A second way to defeat Kocher's attack is to use blinding: you "blind" the
data beforehand, perform the cryptographic computation, and then unblind
afterwards. For RSA, this is quite simple to do. (The blinding and
unblinding operations still need to take a fixed amount of time.) This doesn't
give a fixed overall computation time, but the computation time is then a
random variable that is independent of the operands.
-
==============================================================================
Ronald L. Rivest 617-253-5880 617-253-8682(Fax) riv...@theory.lcs.mit.edu
==============================================================================

[Joel M. Rubin]

In case you don't already know, there is an article about your work in
Monday's N.Y. Times. I just read a very small version of it in
http://nytimesfax.com/times.pdf. (Adobe Acrobat-format 8-page edition)

The N.Y. Times Fax on the web changes edition about 10:30 or 11 P.M. New
York time so if you want it, get it before then.

[Hal]

hfi...@shell.portal.com (Hal) writes:
>It seems to me that computing all the Ri+1 calculations (that is, doing
>all the multiplies that might be done in a modular exponentiation, but
>discarding those which are not needed) would in fact protect against
>the attack.

>[...]

>More importantly, the time variation should no longer depend on the
>values of the multiplicands, and as I wrote above it seems to me that
>his attack does depend on this.

I was mistaken about (the first part of) this - although you can take
the same amount of time on the first iteration by doing this, you
nevertheless have different values being multiplied on subsequent
iterations depending on the exponent bits. Some of those values may
take longer to multiply than others, and so the attacker can still
deduce the value of each bit.

Hal Finney
hfi...@shell.portal.com

[Hal]

Although I was wrong to suggest that always doing the "optional"
multiplies would help in the discrete log case, I wonder if the same
thing is true for the RSA decryption attack.

That attack seems much weaker because decryption is usually done using the
Chinese Remainder Theorem. Given n=p*q, we want to raise ciphertext c
to the d power. So the first step is to do cp = c mod p and cq = c mod q
and then raise cp to the d mod p-1 power and cq to the d mod q-1 power. The
problem with applying Paul's attack to the exponentiations is that, not
knowing p and q, we can't know cp and cq. So Paul suggests trying to
attack the first modular reductions by probing with c's about the same
size as p and q and to try to detect the extra time which will be taken
to do c mod p if c is less than p versus greater than p.
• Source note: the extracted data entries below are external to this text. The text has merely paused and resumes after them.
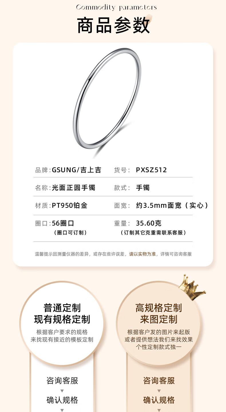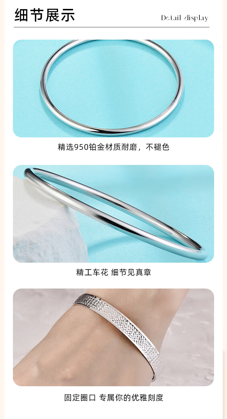 GsunG platinum glossy bracelet pt950 for women, pure platinum round bracelet, simple plain ring jewelry, solid concubine bracelet, PT950 bracelet, about 25 grams, pre-order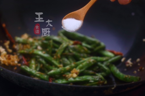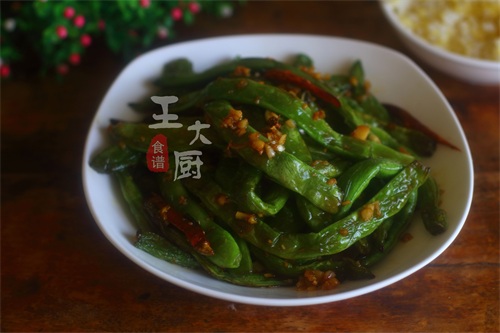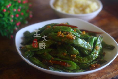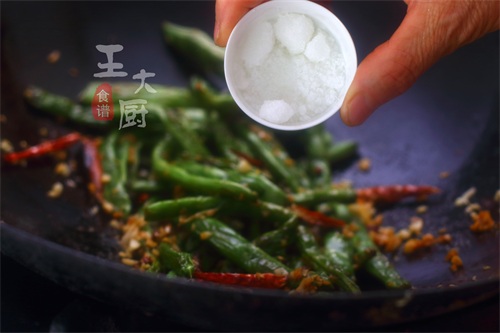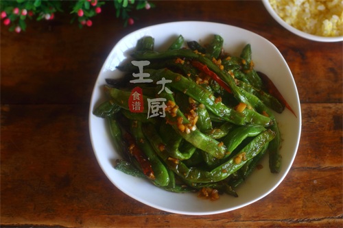 准备食材:豆角、蒜末、姜末、干辣椒、白糖等。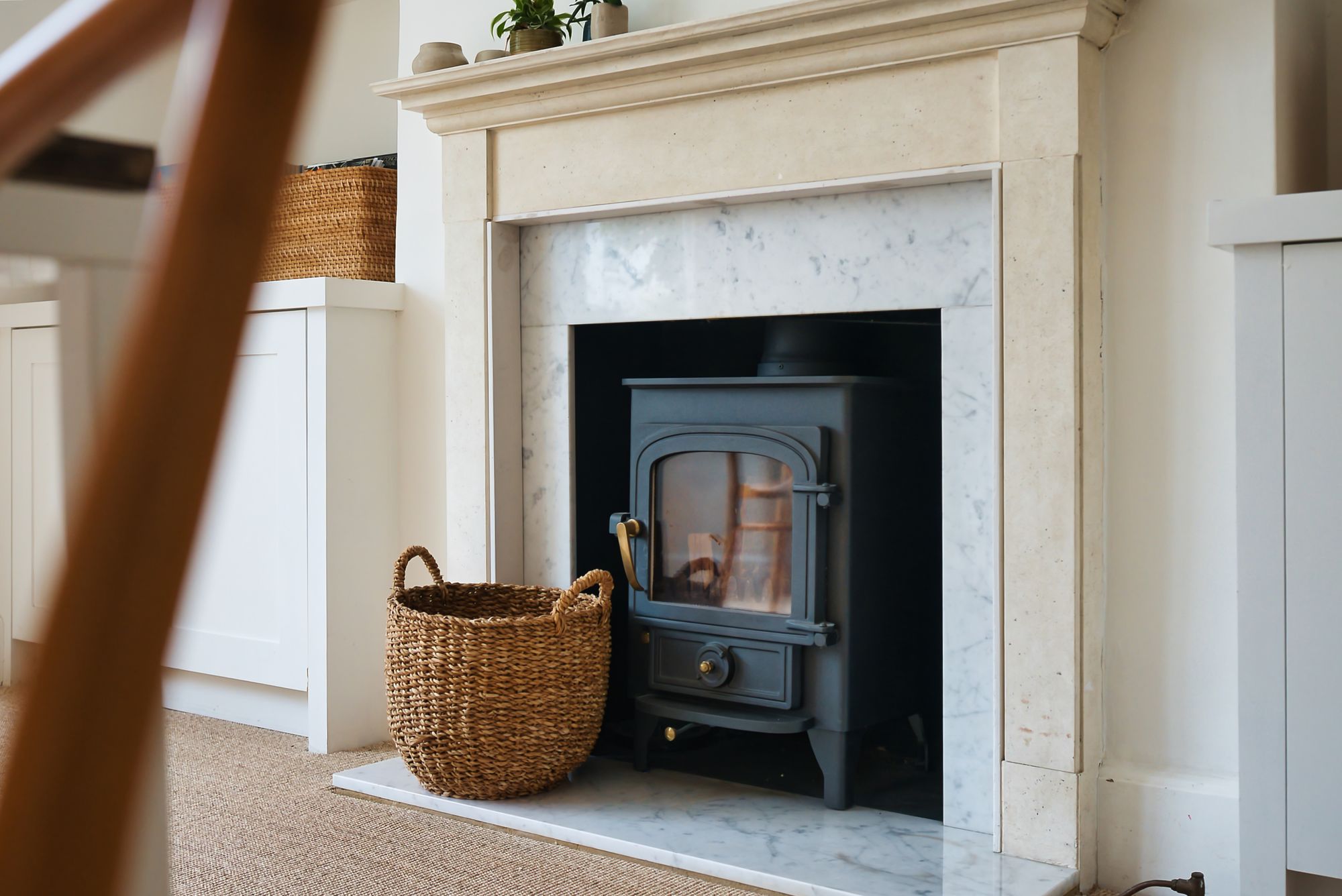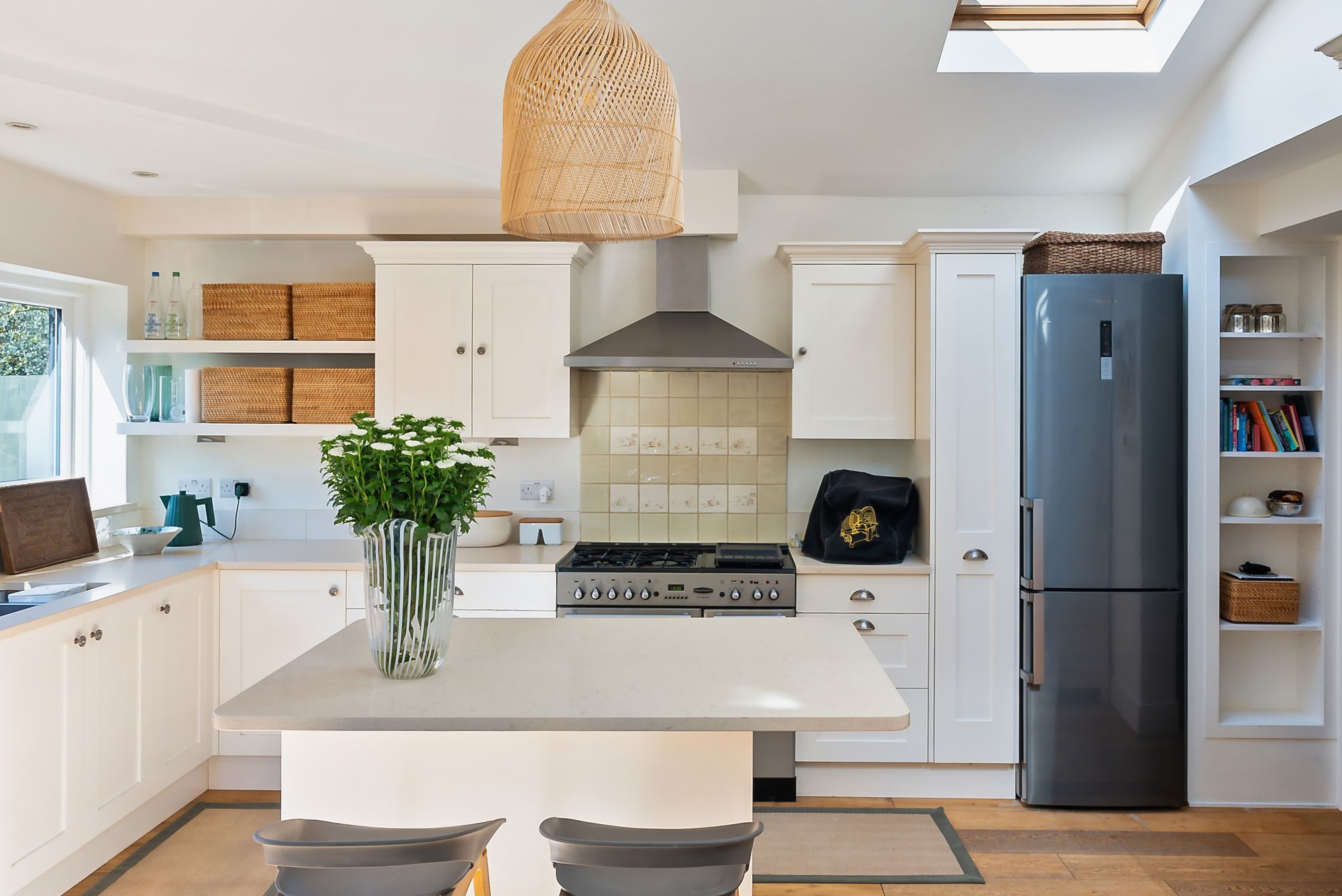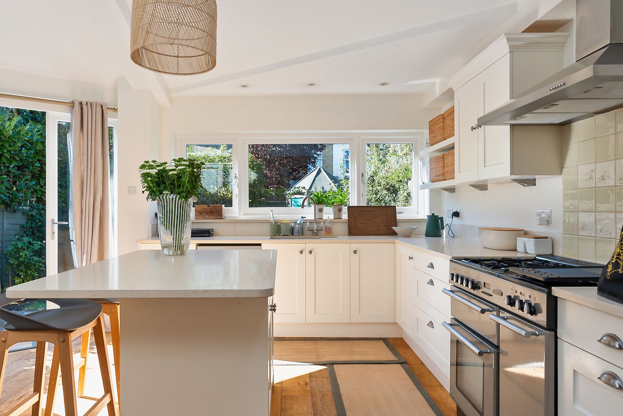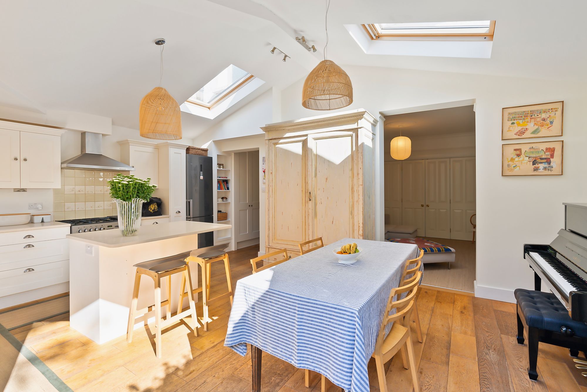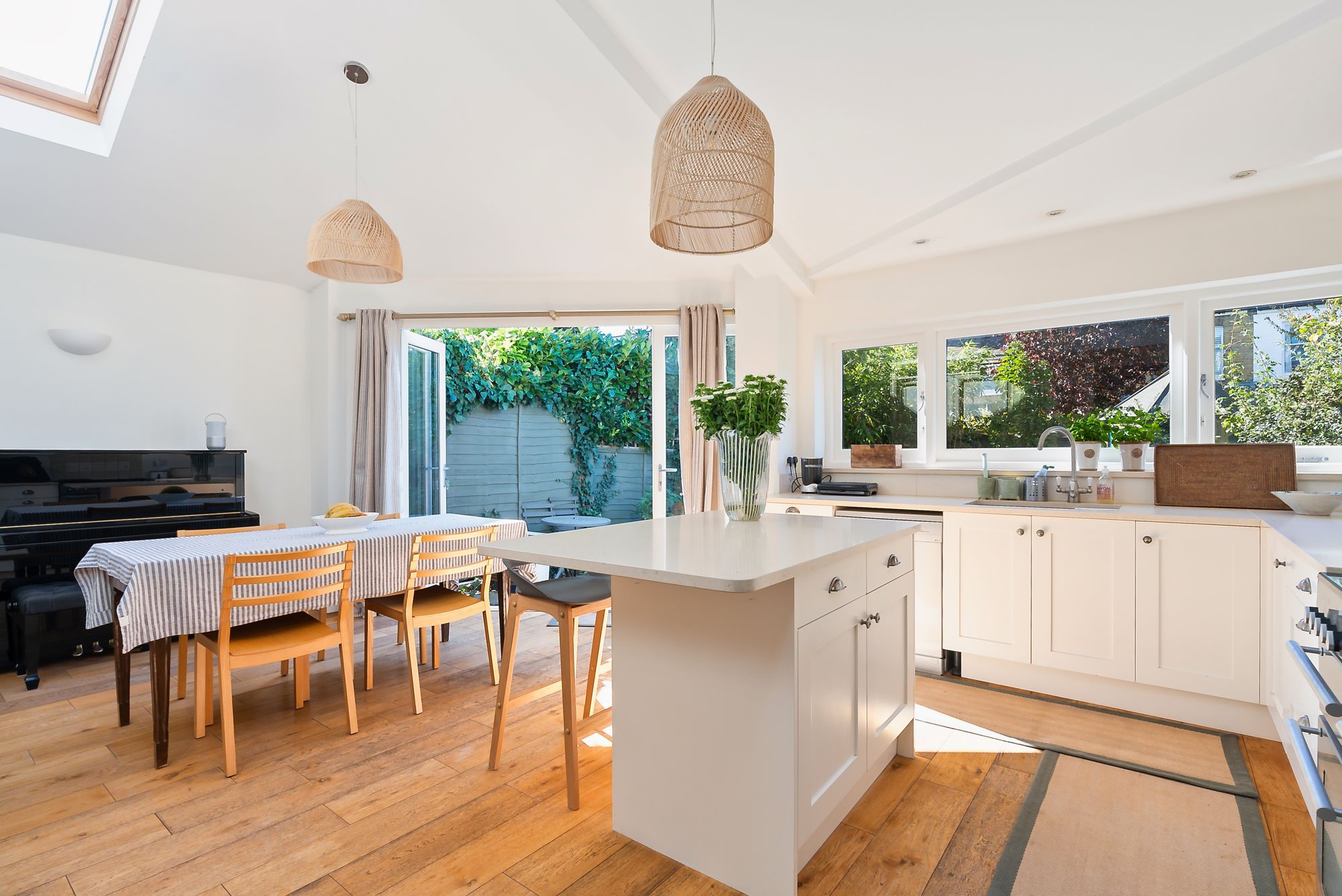 Inside, the layout works beautifully for family life and entertaining. There’s a welcoming hallway, a large double reception room, and a stylish open-plan kitchen and dining area. The kitchen features underfloor heating, plenty of storage, and high-quality appliances including a Samsung fridge-freezer, Siemens dishwasher, and a Rangemaster cooker. Wood flooring runs through the hallway and kitchen, and the west-facing garden catches the afternoon sun perfectly.

I call this attack weaker because the amount of time difference to do a
single modular reduction is not that great when you consider that maybe
1500 modular reductions will be done as part of the exponentiation, with
a 1000 bit key. So this attack is going to require much more accurate
timing than the discrete log one, I think.

In many cases this attack can be recognized because such small c values
are essentially impossible. For example, the Secure Socket Layer
system currently being used by Netscape for secure WWW connections does
an RSA decryption, but the plaintext is a PKCS style padded session
key, and the chance of that encrypting to a 512 bit number is basically
0. Likewise Mark Twain Bank is doing RSA decryptions of blinded
electronic cash as part of the withdrawal protocol, and such small c
values could be recognized there as well. Rejecting small c's should
perhaps be a good precaution in future RSA implementations.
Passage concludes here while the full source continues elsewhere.